DHS has not issued any alerts or elevated the risk level at this time because it has not received any specific or imminent threats. Government spokespersons have indicated that a well-organized attack is not expected to happen quickly, but lone individuals may attempt to retaliate for the death of bin Laden.
Unfortunately, the DHS announcement is shy on specifics of how to spot a “radicalized individual” and information on that subject is difficult to encapsulate. Experts agree that there are no tell-tale physical characteristics to watch for — changes in appearance are consistent with non-radicalized persons, too.
However, youth and social exclusion are common traits. Those who have been marginalized are the most likely to be receptive to an extremist ideology. Also, an outspoken perception of injustice, often at the local level, can be a sign. Radicalization may include attendance at a known center for radical ideology, frequent or prolonged trips abroad with no work-related purpose, which is of higher concern if the trips are to countries in conflict, a sudden and extreme disfavor of personal habits like gambling, drinking alcohol or smoking, and reclusiveness.

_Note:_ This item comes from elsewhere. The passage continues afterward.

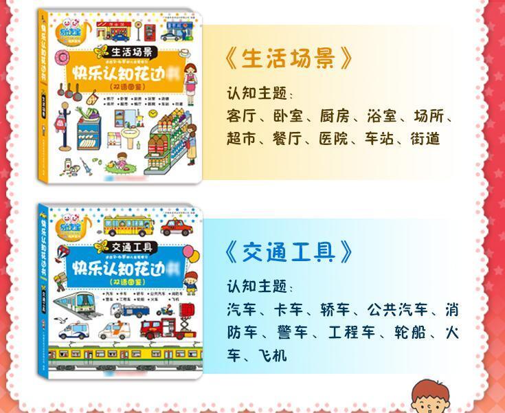 《欢乐认知花边》,这套双语图鉴式的认知读物,正合适您家的小宝贝。这套教材通过小图配单词的形式,介绍了动物,水果,自然,鸟类,昆虫,颜色形状,交通工具,生活场景等启蒙主题,内容超量十足。日式粗线条插图,可爱有趣,能引起小沛有的兴趣;读物装帧精美,圆角设计,不易被撕烂也不伤小手;读物开本小,阅读方便,右页特设花边标签设计,帮助小朋友检索和翻阅。

Landlords must be careful to remember that profiling applicants or tenants based on religion, national origin, or perceptions that these characteristics signal a terrorist violates the Fair Housing Act as well as state discrimination laws. Landlords will need to apply a more surgical approach to identify tenants who they fear may be a terror risk.
The best course of action may be to speak with local law enforcement if concerns arise over a specific tenant’s behavior.